KL Hadingham, PB Wingrove, KA Wafford, C Bain, JA Kemp, KJ Palmer, AW Wilson, AS Wilcox, JM Sikela and CI Ragan

Merck Sharp & Dohme Research Laboratories, Harlow, Essex, England.

A cDNA encoding the human gamma-aminobutyric acid (GABA)A receptor beta 2 subunit has been cloned and sequenced. The deduced amino acid sequence of this cDNA shows only a single amino acid change from the rat sequence (Asn-347 in rat, serine in human). Using polymerase chain reaction amplification of human-specific products from human x rodent somatic cell hybrid DNAs, the gene has been assigned to human chromosome 6. By expressing recombinant human GABAA receptors containing different beta subunits (beta 1, beta 2 or beta 3) in both transfected cells and Xenopus oocytes, we have been able to determine the influence of the beta subunit on the pharmacology of the receptor.
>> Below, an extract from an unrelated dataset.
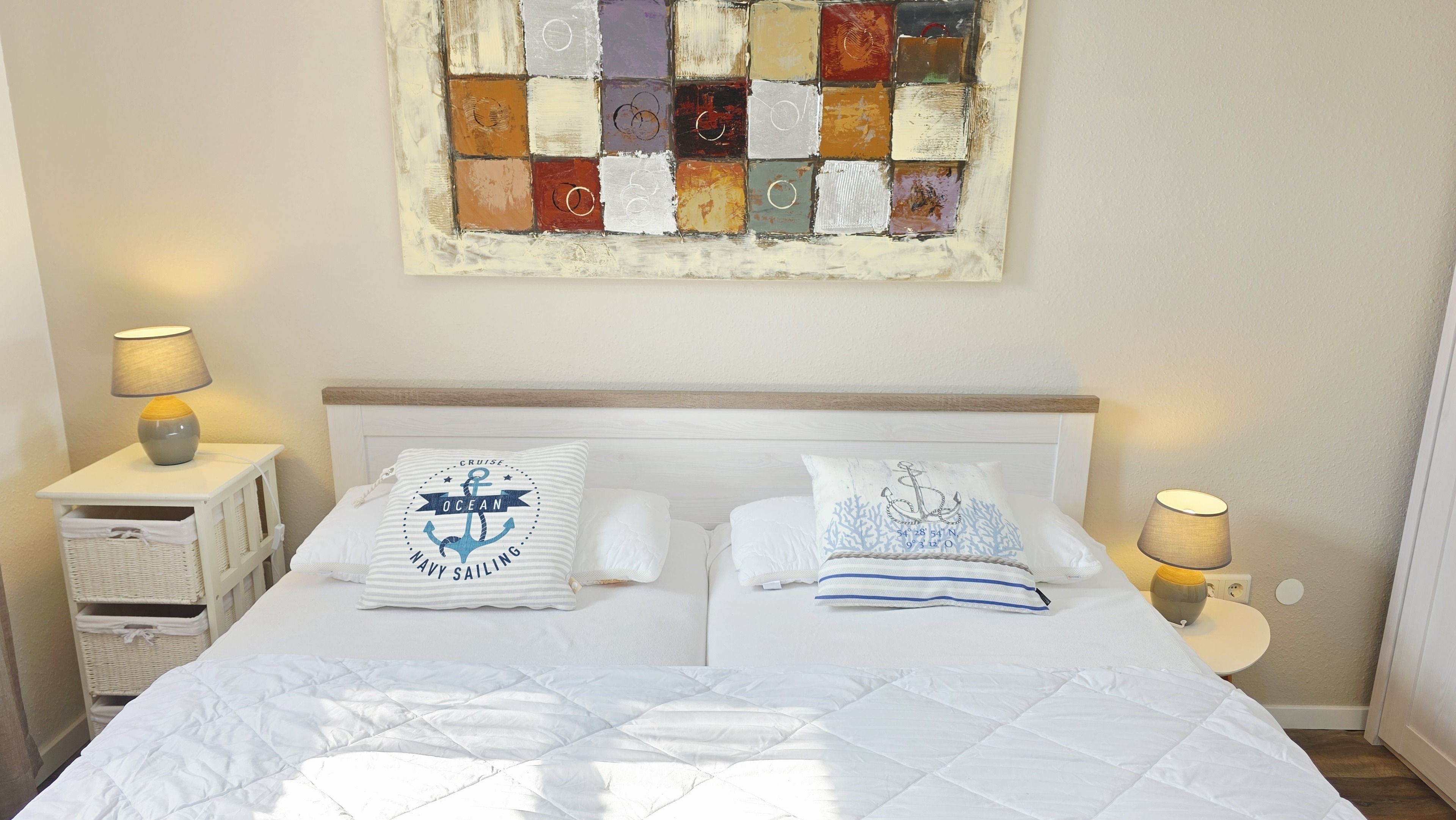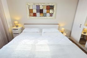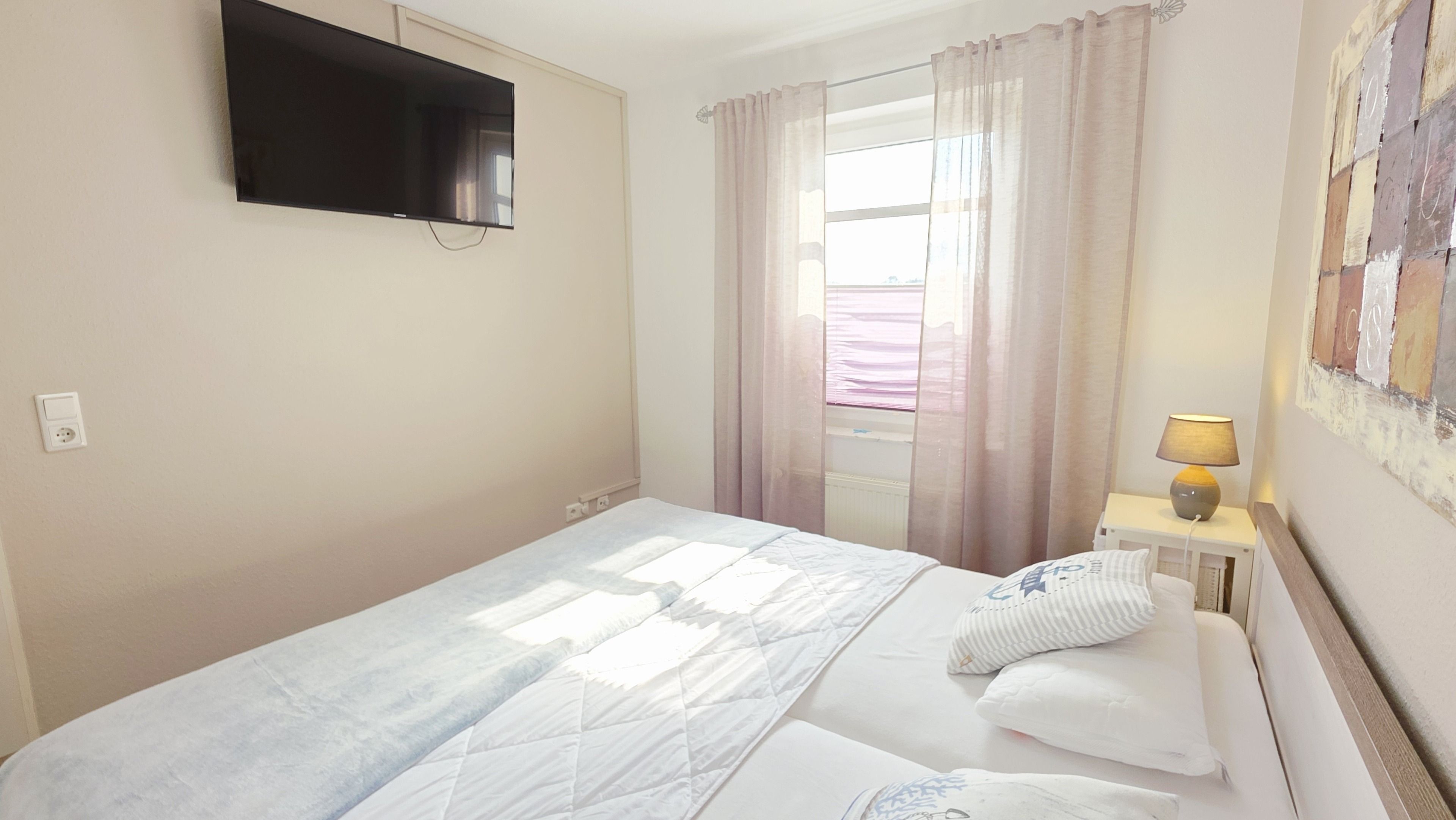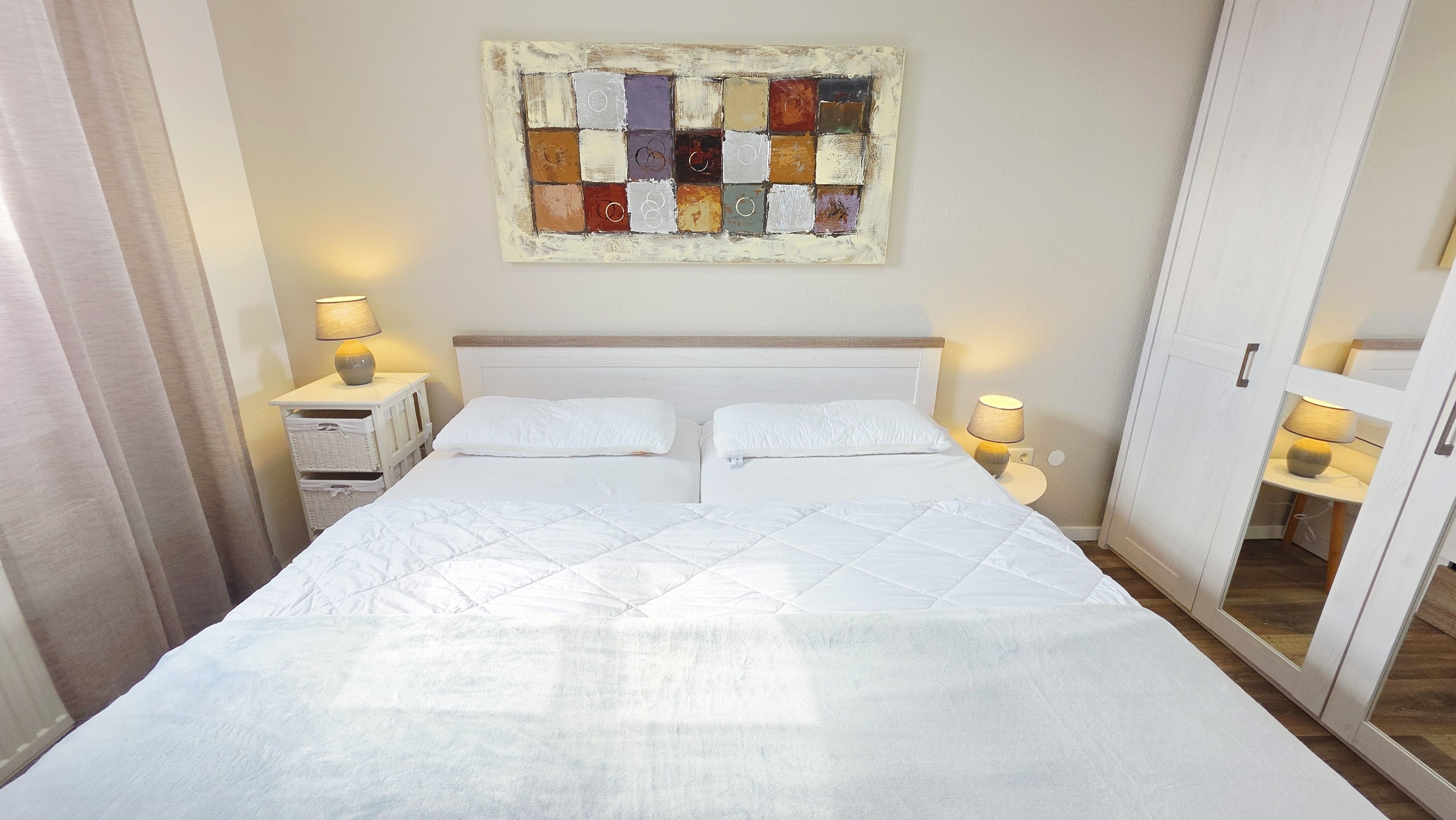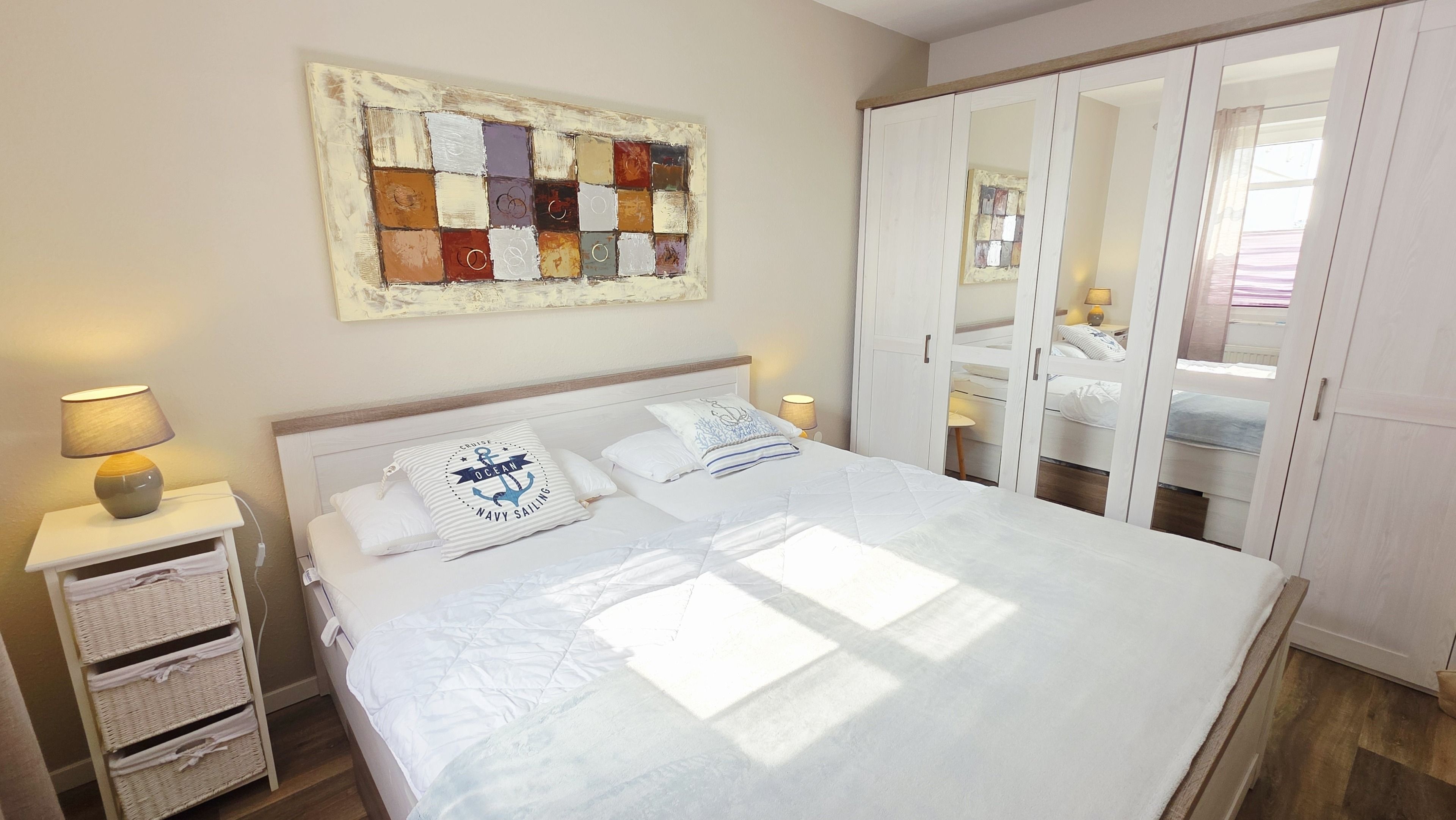 Das neue, freundliche Schlafzimmer verfügt über ein bequemes Doppelbett und Kleiderschrank.

For a number of benzodiazepine binding site compounds, a barbiturate, and several neurosteroids, neither the affinity nor the efficacy of the compounds is influenced by the type of beta subunit present in the receptor molecule. These data suggest that the beta subunit does not significantly influence the benzodiazepine, barbiturate, or steriod site pharmacologies of human GABAA receptor subtypes.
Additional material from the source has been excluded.